The licensing portal is optimized for one-off verification, not for sourcing workflows or market analysis. Users can look up a facility, but they cannot easily:

  • Search across the market by service capability, specialty, or condition
  • Separate patient-specific (503A) from bulk in-office (503B outsourcer) options
  • Understand what kinds of facilities hold sterile privileges (hospitals vs traditional pharmacies)
  • Analyze expiration risk and renewal cycles
  • Map geographic access and distribution

Without data extraction and enrichment, the licensing data remains "public" but not truly usable.

System Design

I designed the application as a combined directory + analysis report. The pipeline begins with extraction of California sterile compounding licenses and then enriches each listing using public web information to identify capabilities and relevance.

Data Collection

  • Scraped the California Board of Pharmacy license verification portal to collect sterile licenses
  • Standardized core fields (license type, facility name, address, city/county/zip, expiration dates)
  • Geocoded records (LAT/LONG) to enable mapping and access analysis

Enrichment Layer (Differentiator)

The licensing portal does not describe what facilities actually do. I enriched the dataset using publicly available information (websites, social profiles, and online presence) to classify and make the directory searchable by real-world capability.

  • Facility type classification: medical facility, infusion center, sterile compounding pharmacy, veterinary-only, research center
  • Service capability taxonomy: specialties, conditions served
  • Affiliations: claimed accreditations, associations, industry signals
  • Purchasing style signals: patient-specific vs bulk in-office sourcing; 503B outsourcer indicator where applicable

Product Experience

  • Interactive filters for facility type, city, specialty, condition, and accreditations
  • Searchable results table with export/download for operational use
  • Analysis tab with narrative + visualizations (license types, facility distribution, geography, expirations)

Product Views

The following screenshots show how the application supports both sourcing workflows (directory/search) and strategic understanding (market analysis).

Landing page with sidebar navigation and filters

Sidebar-driven search across licensed sterile compounders by pharmacy type (patient-specific vs bulk in-office), facility type, city, specialty, condition, and accreditations. Results are shown in an interactive table with export/download for operational use.

Sidebar facility type filter detail

Facility type filter allowing users to narrow results to specific categories such as medical facilities, infusion centers, or sterile compounding pharmacies.

Sidebar specialty type filter detail

Specialty filter to search by clinical focus areas and service capabilities enriched from public information.

Accreditation filter and results table

Accreditation filter combined with results table view, showing how filters narrow the directory to facilities with specific quality signals.

Analysis page landing with table of contents

Analysis tab combining explanatory narrative with a table of contents for navigating market insights. Designed to be readable by non-technical leaders while still audit-friendly for analysts.

Analysis of license types distribution

Distribution analysis of license types across California's sterile compounding market.

Analysis of facility types distribution

Breakdown of facility categories holding sterile compounding privileges, revealing the diversity beyond traditional pharmacies.

Analysis comparing 503A vs 503B facilities

Comparison of patient-specific (503A) versus bulk in-office (503B) sourcing options across the licensed population.

Geographic distribution of licensed facilities

Visualizes where licensed facilities are located and maps access patterns. This supports practical sourcing decisions for services that require proximity, not shipping.

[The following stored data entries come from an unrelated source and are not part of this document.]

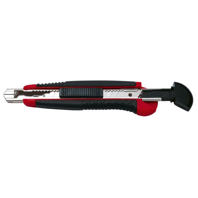 Robustný profesionálny rezač s gumeným vrúbkovaným úchytom, pevným celokovovým vedením noža a automatickým uzamknutím noža. Po vytiahnutí opotrebovaného noža sa zasunutím bežca nainštaluje z integrovaného zásobníka automaticky nôž nový. Šírka čepele 9 mm. V balení 6 náhradných čepiel. Schválené inštitútom TÜV. Farba čierna/červená.
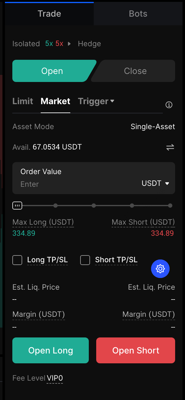• إدارة الهامش اليدوية: أضف هامشًا أو قلل حجم المركز لتقليل مخاطر التصفية، خاصة قبل إغلاق السوق.
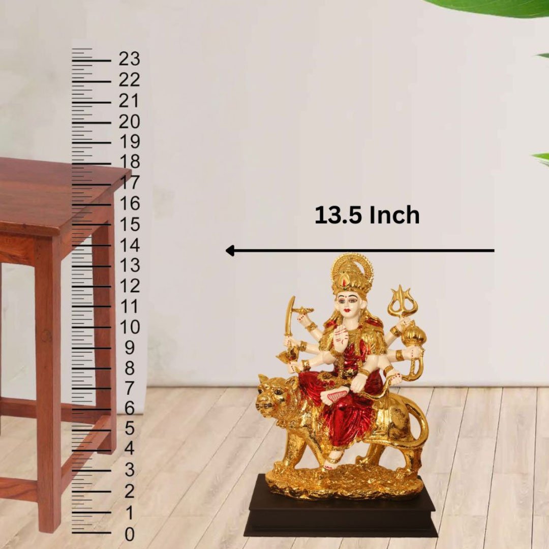 Make in India Gold Plated Durga Idol is made by professional artisans using high quality row material. Great look with unfadable color. Showpiece direct from factory at wholesale price This Showpiece is easily cleanable by wet/Dry Cotton Cloth.
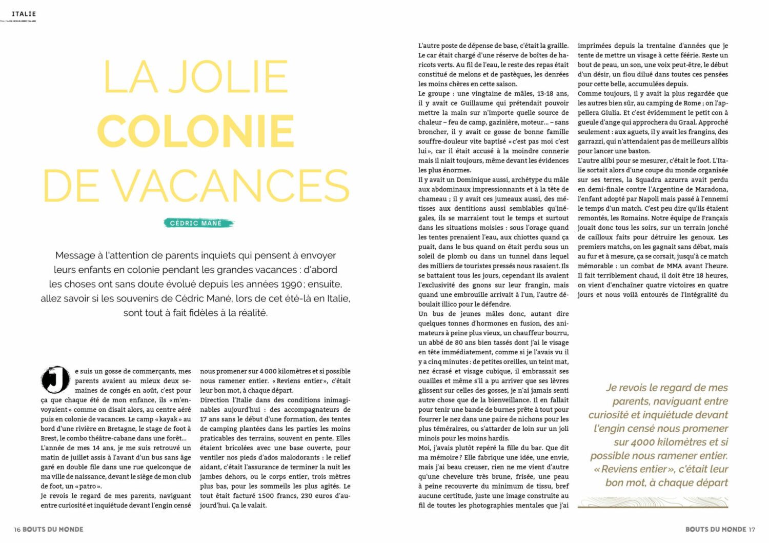 J’ai le souvenir vague d’une Simca sur le toit de laquelle étaient chargés les sacs en toile de jute d’une grosse tente Trigano, une table de camping et des chaises. Des tendeurs de vélo fixaient le chargement et c’était parti ! Le départ se faisait à deux heures du matin, parce que traverser la France par les routes nationales prenait l’allure d’une longue transhumance. On poursuivrait la nuit affalés sur les duvets placés entre les deux sièges de derrière. On se réveillait le lendemain matin et le paysage avait changé. Du haut de mes 8 ans, j’avais découvert le voyage. C’était certain, un jour viendrait où j’irais voir par-delà les montagnes.
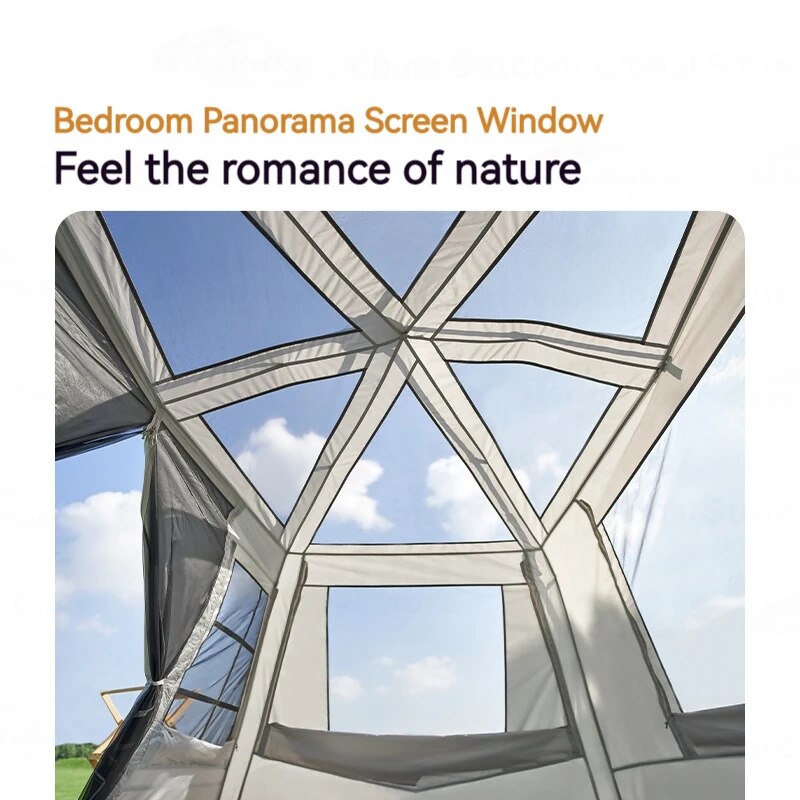 Mobi Garden HOLIDAY Series 8.9 Fast Automatic Cabin Style Tent for 5-6 Person Waterproof Black Vinyl Coated Sunscreen Awning Canopy Large up to 19m² Total Usable Space Quick Open Outdoor Camping Tent Mobigarden village Mountain Residence
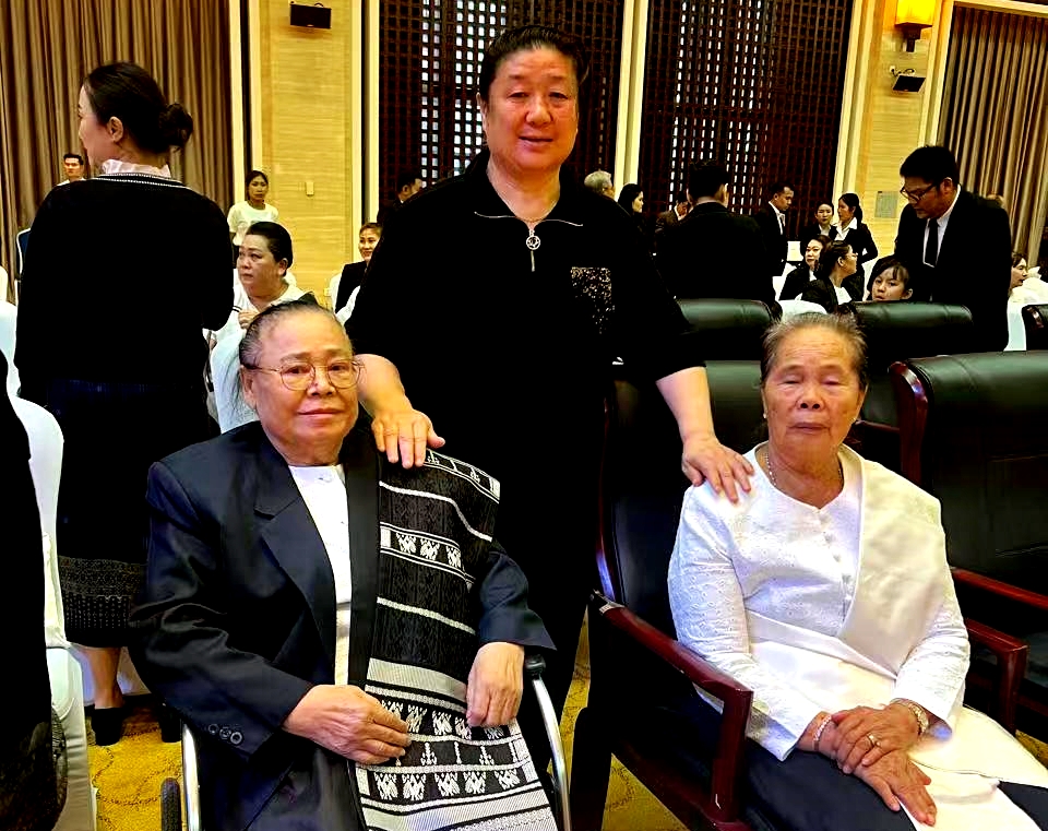 老挝前国家主席坎代·西潘敦夫人通婉·西潘敦(前左)老挝前国家主席本扬·沃拉吉夫人坎蒙·沃拉吉(前右)中外抱团网·中国-东盟企业俱乐部秘书处副秘书长宋桂香(后中)
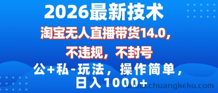 创客库 » (17110期)2026最新技术,淘宝无人直播带货14.0,不封号,不违规,公+私玩法,操作简单,日入1000+
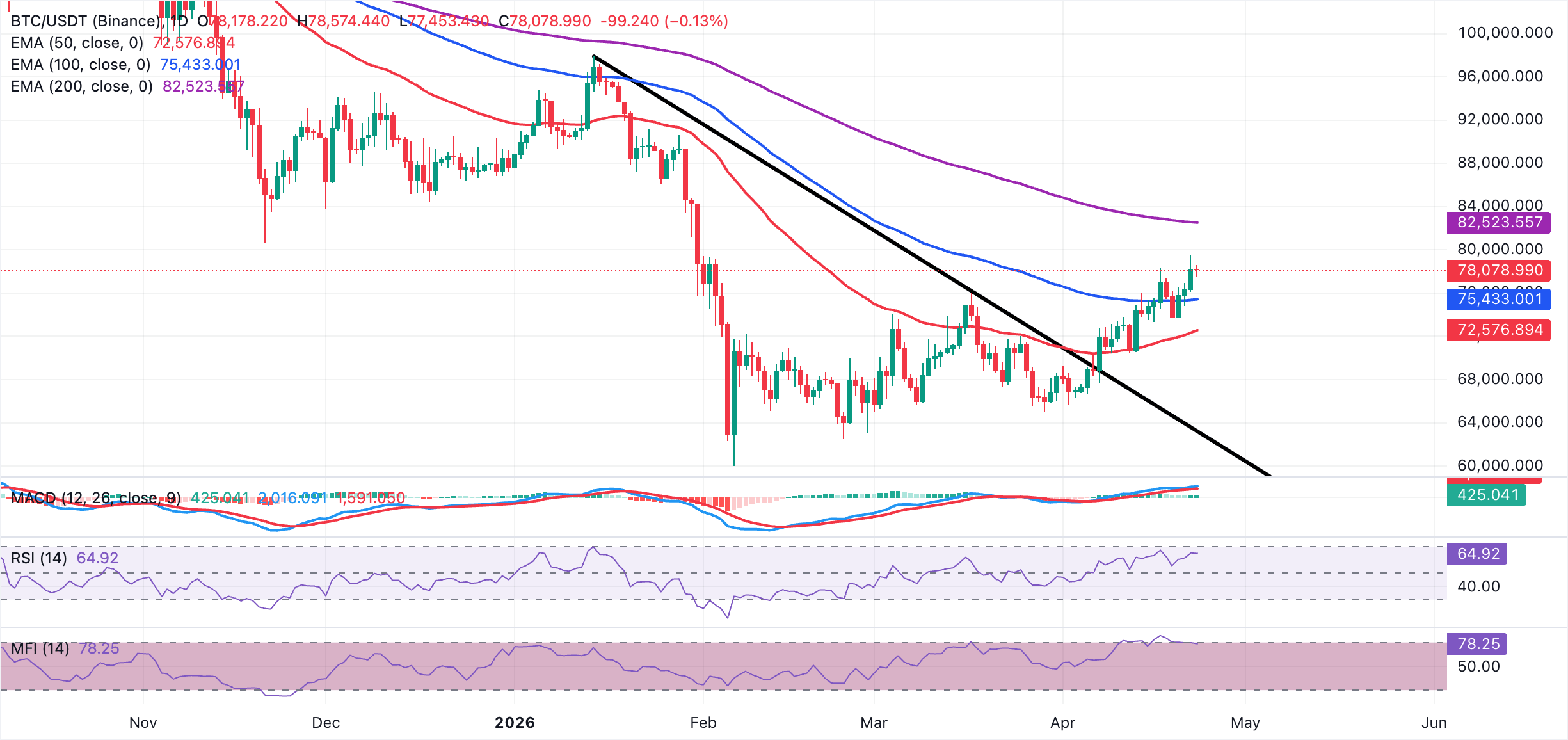 On the topside, the next notable resistance is the weekly peak of $79,473, followed by the 200-day EMA near $82,524, which aligns as the first major trend hurdle for bulls. On the downside, initial support is seen at the 100-day EMA around $75,433, ahead of the 50-day EMA near $72,577. A daily close below these layers would signal fading bullish control and open the door to a deeper corrective phase.
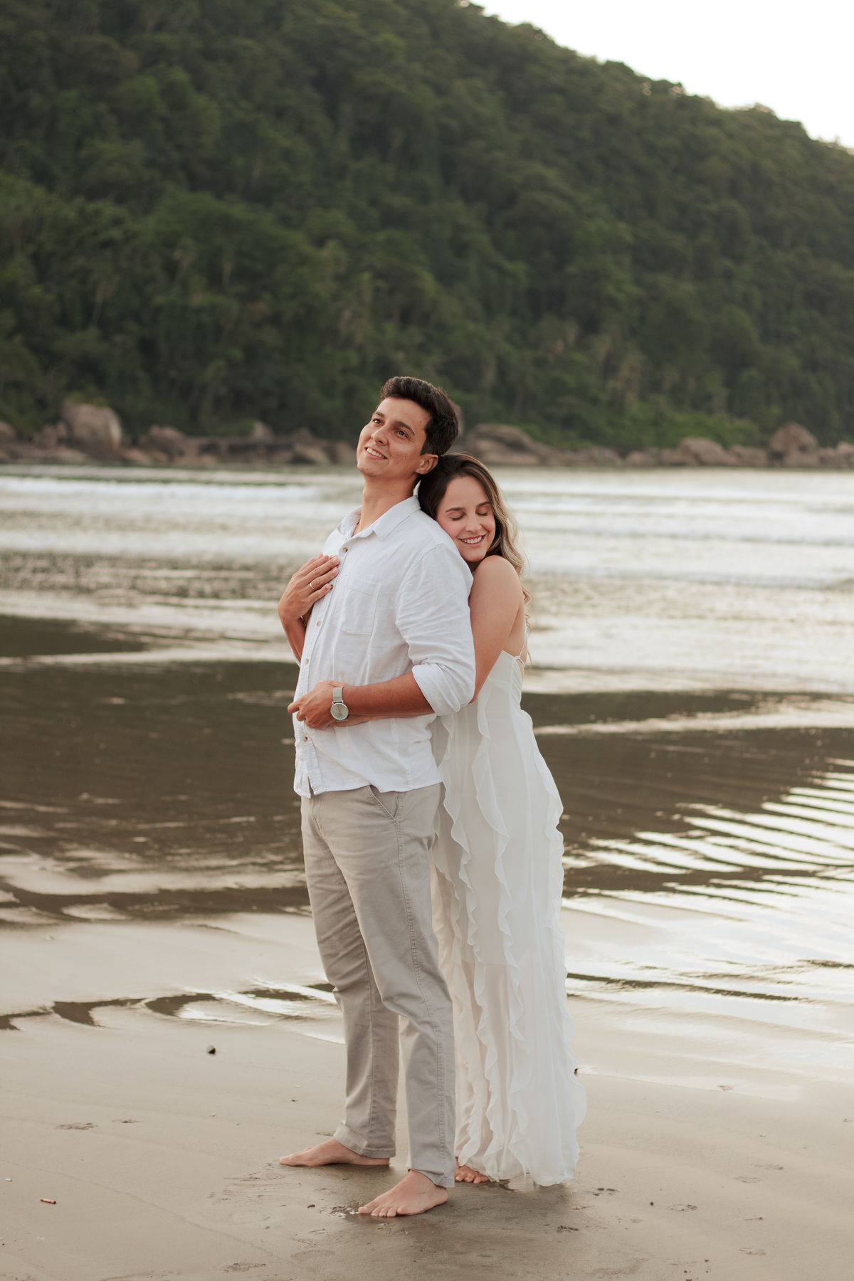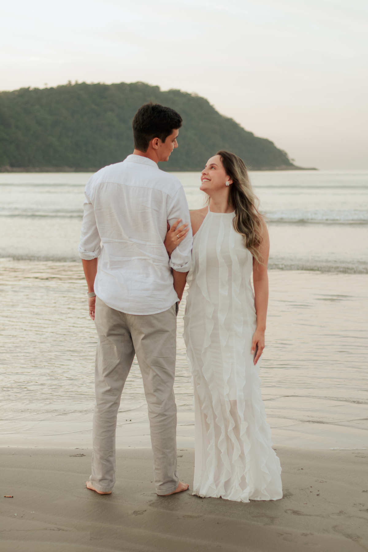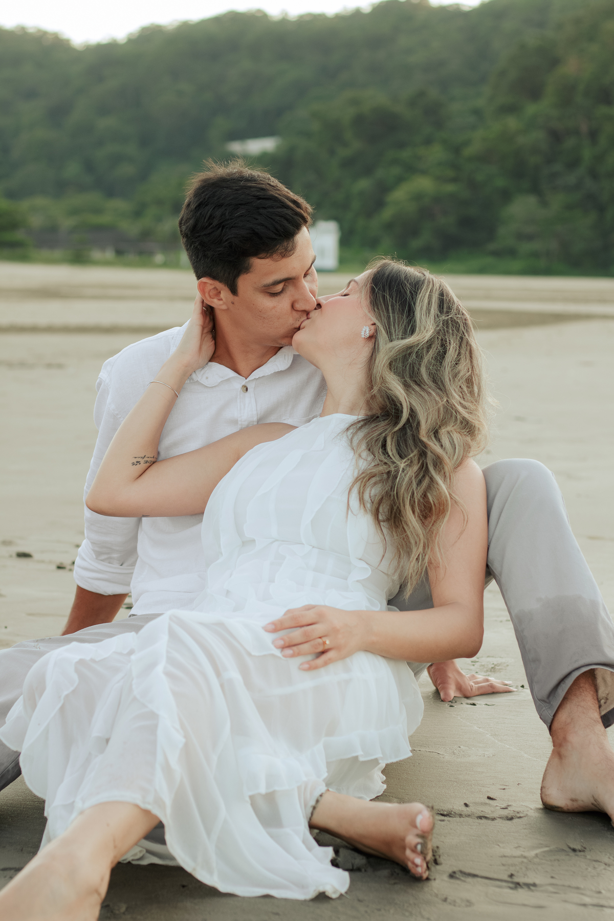 Esse tipo de ensaio pré wedding na praia permite que o casal viva o momento com mais calma, menos movimento e mais conexão, criando fotos naturais e cheias de significado.
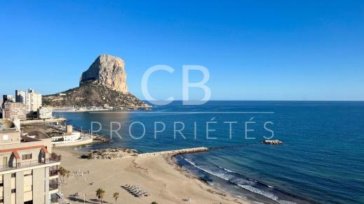 We present this beautiful two-bedroom apartment in the Rubino Building. On the first line of Calpe's Arenal Beach, this property offers stunning views of Calpe Bay, the Baños de la Reina Baths, and the majestic Toix Mountain.
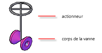 Vous pouvez affecter des actionneurs à une vanne dans les spécifications des tuyauteries, dans le catalogue ou dans le modèle 3D.
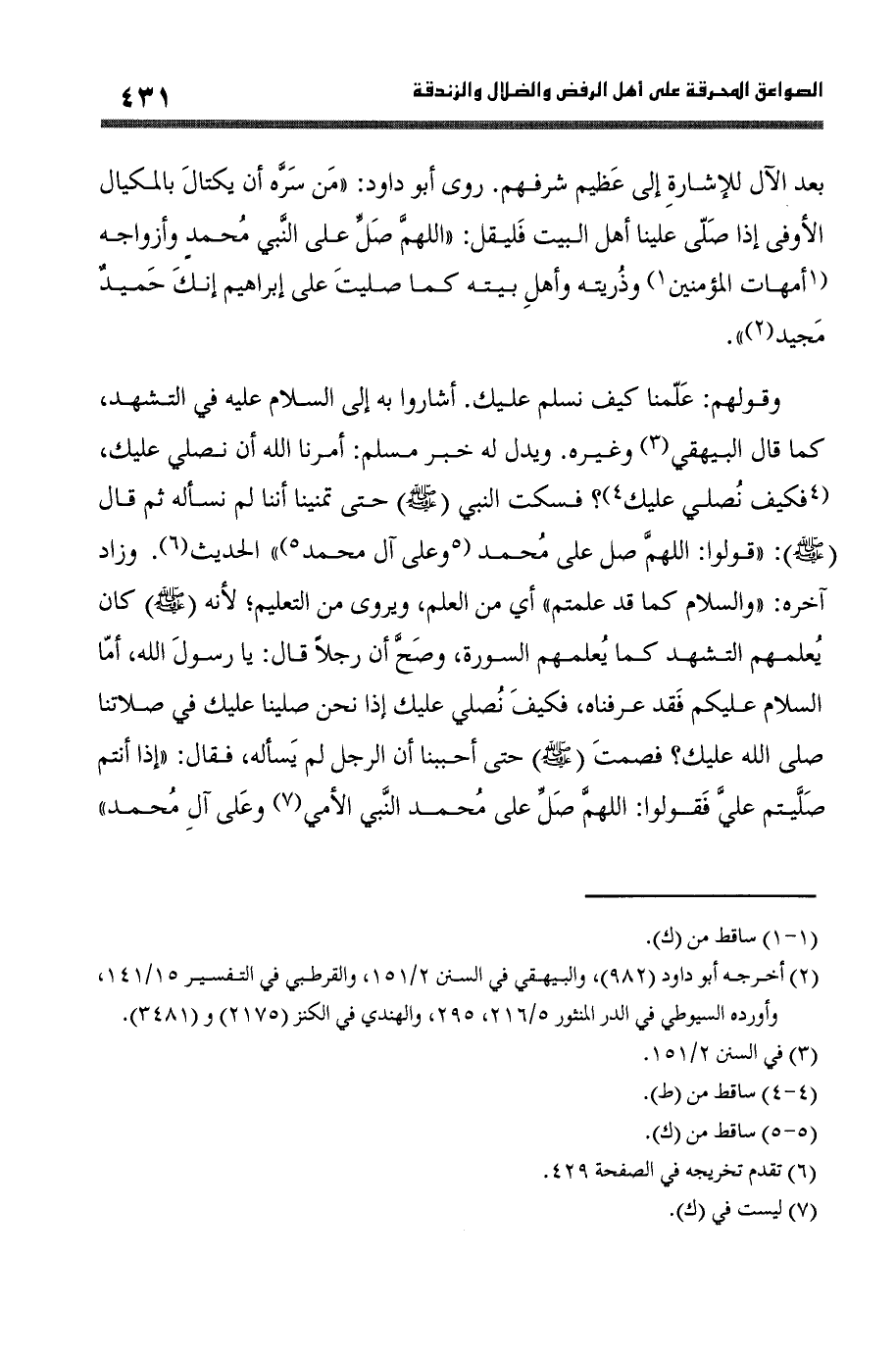 روى أَبُو دَاوُد (من سره أَن يكتال بالمكيال الأوفى إِذا صلى علينا أهل الْبَيْت فَلْيقل اللَّهُمَّ صل على النَّبِي مُحَمَّد وأزواجه أُمَّهَات الْمُؤمنِينَ وَذريته وَأهل بَيته كَمَا صليت على إِبْرَاهِيم إِنَّك حميد مجيد)
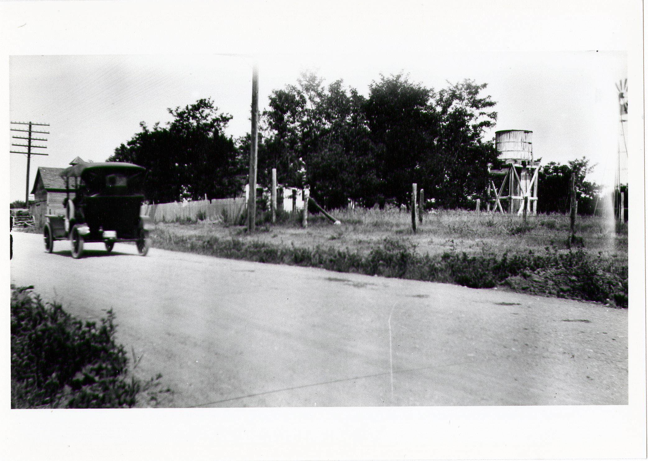 This is a black and white photo (not original but copied on modern photo paper) of what is believed to be the Crawford Family's car. ITs going down a road that is believed to be 120th. There is a thick tree line that is believed to be the Crawford Family farm. On the edge of the tree line is a wooden water tower and a windmill.
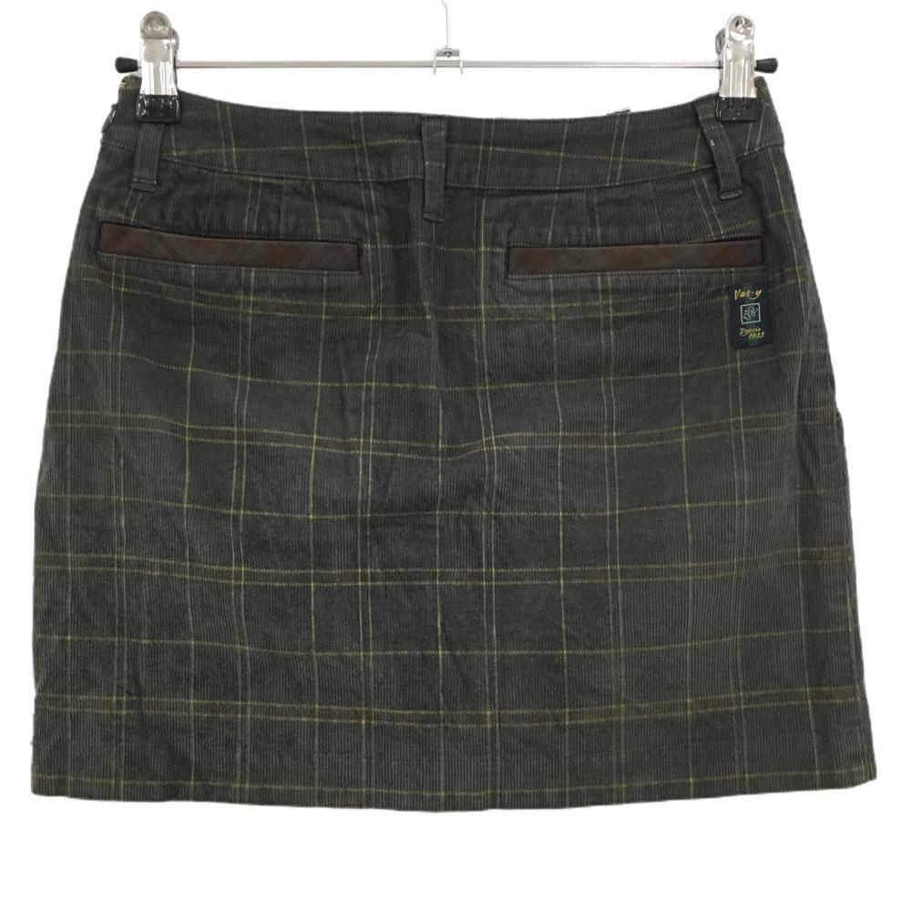 ゾーイ コーデュロイスカート ダークグリーン×イエロー チェック ストレッチ レディース 36(S) ゴルフウェア ZOY

License expiration forecast and analysis

Expiration trend analysis to anticipate renewal cycles and potential turnover risk. Supports targeted outreach and monitoring.

Decisions Enabled

  • Safer sourcing: quickly identify which facilities are actually licensed for sterile compounding and filter to relevant capabilities
  • Bulk vs patient-specific purchasing clarity: differentiate sourcing paths and constraints for in-office administration vs patient prescriptions
  • Market structure visibility: quantify what types of facilities hold sterile privileges (not just "pharmacies")
  • Geographic access insight: identify coverage gaps and proximity constraints for in-person sterile services
  • Renewal/turnover planning: anticipate license expirations and identify periods of high renewal volume
  • Operational handoff: export a cleaned list for procurement workflows, outreach, or internal tracking

Who This Was For

This project was built for stakeholders who need to source sterile compounded medications safely and legally, including:

  • Clinic operators and medical practices purchasing sterile compounds
  • Procurement and supply chain teams supporting sterile sourcing
  • Pharmacy operations leaders monitoring sterile compounding access
  • Analysts evaluating market capacity, access, and licensing constraints

Why This Matters

Licensing data is technically public, but it is not packaged for real-world decision-making. This project shows how to convert a single-state licensing portal into a decision-ready directory with meaningful classification, searchable capability signals, and analysis that explains the market in plain language.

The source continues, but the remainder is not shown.